-
Couldn't load subscription status.
- Fork 87
Description
Hey team,
I'm looking to submit my attempt at resolving this issue: #1882
I'm opening this as an issue first, because I think the solution may be quite large/with various design decisions which (IMO) non-trivial. Though also happy to start with a large PR (so theres a bird's eye view) and then determine which parts are appropriate/not appropriate.
What (more or less works) -- Updating Docs? Adding a util function?
The docs more or less address how this is achieved here: https://microsoft.github.io/onnxscript/auto_examples/06_plot_model_local_funs.html
example code that works:
import numpy as np
import onnxruntime
import pandas as pd
from onnxscript import FLOAT, script
from onnxscript import opset17 as op
from onnxscript.values import Opset
from skl2onnx import to_onnx
from sklearn.linear_model import LogisticRegression
from sklearn.pipeline import Pipeline
from sklearn.preprocessing import StandardScaler
pandas_dataset = pd.DataFrame(
{
"age": np.random.randint(18, 60, 100),
"height": np.random.rand(100) * 100 + 100,
"weight": np.random.rand(100) * 100 + 40,
}
)
multi_classifier_target = pd.Series(np.random.choice([0, 1, 2, 3], 100))
# Create the pipeline
pipe = Pipeline([("scaler", StandardScaler()), ("linear", LogisticRegression())])
# Fit the pipeline to the data
pipe.fit(pandas_dataset, multi_classifier_target)
# local = CustomOpset("local", 1) # see below in the next section
local = Opset("local", 1)
X = pandas_dataset.copy()
scaler_step = pipe.steps[0][1]
linear_step = pipe.steps[1][1]
scaler_model = to_onnx(scaler_step, X.values.astype(np.float32), target_opset={"ai.onnx.ml": 2, "": 17})
linear_model = to_onnx(
linear_step, scaler_step.transform(X.values.astype(np.float32)), options={"zipmap": False}, target_opset={"ai.onnx.ml": 2, "": 17}
)
# custom func that convers model proto to function proto -- convert_model_proto_to_function_proto
scaler_function_proto = convert_model_proto_to_function_proto(scaler_model, "local", "scaler")
linear_function_proto = convert_model_proto_to_function_proto(linear_model, "local", "linear")
@script(local, default_opset=op)
def sklearn_pipeline(X: FLOAT["N", "D"]) -> FLOAT["N"]: # noqa: F821, D103
# script has limitations like doing loops
X = local.scaler(X)
# outputs are labels, probabilities
_, y = local.linear(X)
return y[:, 1]
model = sklearn_pipeline.to_model_proto(functions=[scaler_function_proto, linear_function_proto])
session = onnxruntime.InferenceSession(model.SerializeToString())

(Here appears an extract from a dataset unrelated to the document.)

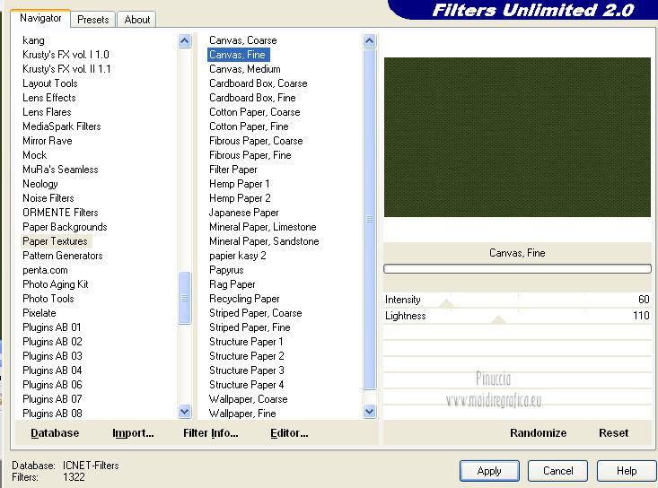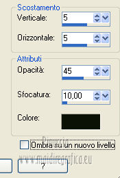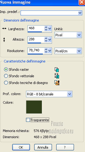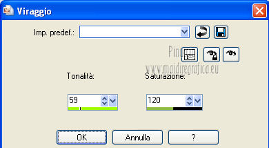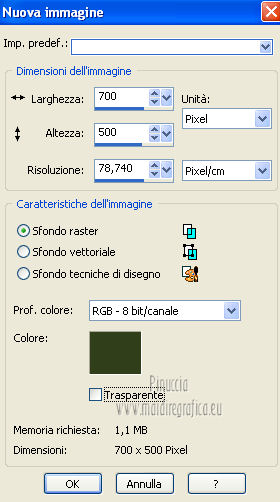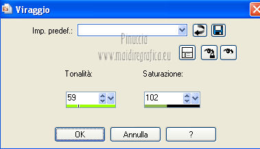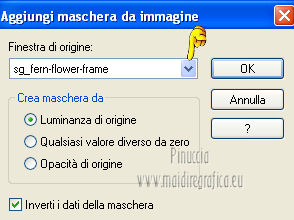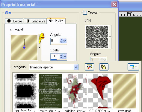 Apri la maschera in PSP e minimizzala con il resto del materiale. 1. Apri una nuova immagine 700 x 500 colore di sfondo #313f1b. ![]() 2. Livelli>Nuovo livello raster. Passa il colore di primo piano a Motivi, apri il menu e seleziona - nella categoria Immagini aperte - il motivo cmv-gold. ![]() Riempi il livello con il motivo oro.3. Livelli>Nuovo livello maschera>Da immagine. Apri il menu sotto la finestra di origine e vedrai la lista dei files aperti. Seleziona la maschera sg_fern-flower-frame. ![]() Livelli>Elimina, e rispondi sì alla domanda Unire la maschera nel livello corrente. ![]() Livelli>Unisci>Unisci gruppo. 4. Regola>Tonalità e saturazione>Viraggio. ![]() 5. Effetti>Effetti 3D>Sfalsa ombra, con il colore #0f1309. ![]() 6. Effetti>Effetti di bordo>Aumenta - 2 volte. 7. Apri il tube frame_dentelle e vai a Modifica>Copia. Torna al tuo lavoro e vai a Modifica>Incolla come nuovo livello. Effetti>Effetti di bordo>Aumenta - 2 volte. 8. Effetti>Effetti 3D>Sfalsa ombra, con i settaggi precedenti. ![]() Primo quadro 9. Apri una nuova immagine 530 x 3501 pixels, colore #313f1b. ![]() 10. Imposta il colore di primo piano con #9eaf78, e il colore di sfondo con #313f1b. Selezione>Seleziona tutto. Selezione>Modifica>Contrai - 2 pixels. Riempi con il colore di primo piano #9eaf78.Selezione>Modifica>Contrai - 30 pixels. Riempi con il colore di sfondo #313f1b4.Selezione>Modifica>Contrai - 2 pixels. Premi sulla tastiera il tasto CANC. Selezione>Inverti. 11. Effetti>Effetti 3D>Smusso a incasso. ![]() Selezione>Deseleziona. 12. Modifica>Copia. Torna al tuo lavoro di partenza e vai a Modifica>Incolla come nuovo livello. 13. Effetti>Effetti 3D>Sfalsa ombra, con il colore #0f1309. ![]() Secondo quadro 14. Apri una nuova immagine 468 x 288 - colore #313f1b. ![]() 15. Imposta il colore di primo piano con il colore bianco. Selezione>Seleziona tutto. Selezione>Modifica>Contrai - 2 pixels. Riempi con il colore di bianco di primo piano.Selezione>Modifica>Contrai - 2 pixels. Riempi con il colore di sfondo #313f1b.Selezione>Modifica>Contrai - 2 pixels. 16. Effetti>Plugins>Filters Unlimited 2.0 - Paper Textures - Canvas,Fine. ![]() 17. Regola>Tonalità e saturazione>Viraggio. ![]() Selezione>Deseleziona. 18. Modifica>Copia. Torna al tuo lavoro di partenza e vai a Modifica>Incolla come nuovo livello. 19. Effetti>Effetti 3D>Sfalsa ombra, con il colore #0f1309. ![]() 20. Apri il tube floral_MB_34 e vai a Modifica>Copia. Torna al tuo lavoro e vai a Modifica>Incolla come nuovo livello. Spostalo a sinistra.21. Apri il tube cajoline_chgristmasflower e vai a Modifica>Copia. Torna al tuo lavoro e vai a Modifica>Incolla come nuovo livello. Sposta anche questo tube a sinistra.22. Apri il tube floral_MB_08 e vai a Modifica>Copia. Torna al tuo lavoro e vai a Modifica>Incolla come nuovo livello. Spostalo nell'angolo in basso a destra.23. Apri il tube CC_REDChrist_santahat e vai a Modifica>Copia. Torna al tuo lavoro e vai a Modifica>Incolla come nuovo livello. Spostalo nell'angolo in alto a destra.24. Effetti>Effetti 3D>Sfalsa ombra, con il colore #0f1309. ![]() 25. Apri il tube "texte_de_noel" e vai a Modifica>Copia. Torna al tuo lavoro e vai a Modifica>Incolla come nuovo livello. Spostalo al centro della cornice.26. Livelli>Unisci>Unisci tutto. Immagine>Aggiungi bordatura, 2 pixels, simmetriche, con il colore #a2b37b. Firma il tuo lavoro e salva in formato jpg. Se hai problemi o dubbi, o trovi un link non funzionante, o anche soltanto per un saluto, scrivimi. 2 Dicembre 2012 |

result = session.run(None, {"X": X.values.astype(np.float32)})
print(result)This works!
Q: does convert_model_proto_to_function_proto belong in onnxscript project? And if so where? (onnxscript/utils or onnxscript/contrib?)
It turns out that its slightly non-trivial to convert model proto to function proto if the model proto has initializers, and having a helper function to facilitate this would help users (if/when docs are added)

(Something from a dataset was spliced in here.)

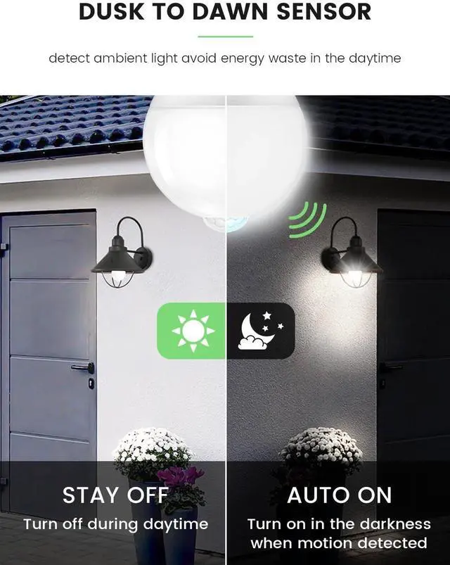 | Additional Features | Auto on/off e26 bulb, Dusk to dawn sensor, Motion Sensor, Super bright |

What doesn't work out of the box
Evaluating it eagerly does not work. This is because the (arbitrary) Function Proto are not 'attached' to the custom Opset.
I'm eager to see how you would like to see this implemented. I tackled this (leaving out lots of code for now):
class CustomOpset(Opset):
def add_model_proto(self, name: str, model_proto: onnx.ModelProto):
# very, very rough code...
function_proto = convert_model_proto_to_function_proto(model_proto, self.domain, name)
# magically create onnxfunction somehow
onnx_function = OnnxFunction(
opset=self,
pyfun=dummy_function,
irfun=ir_builder_function,
source="", # No source available for FunctionProto
kwargs={},
)
# register it
self.function_defs[ir_function.name] = onnx_functionThough perhaps the team has other preference for how this might be implemented (somewhere in evaluator)?
Looking forward to contributing and hearing from the team!
(n.b. waiting for my company to review and sign CLA and then I will put up the relevant code snippets).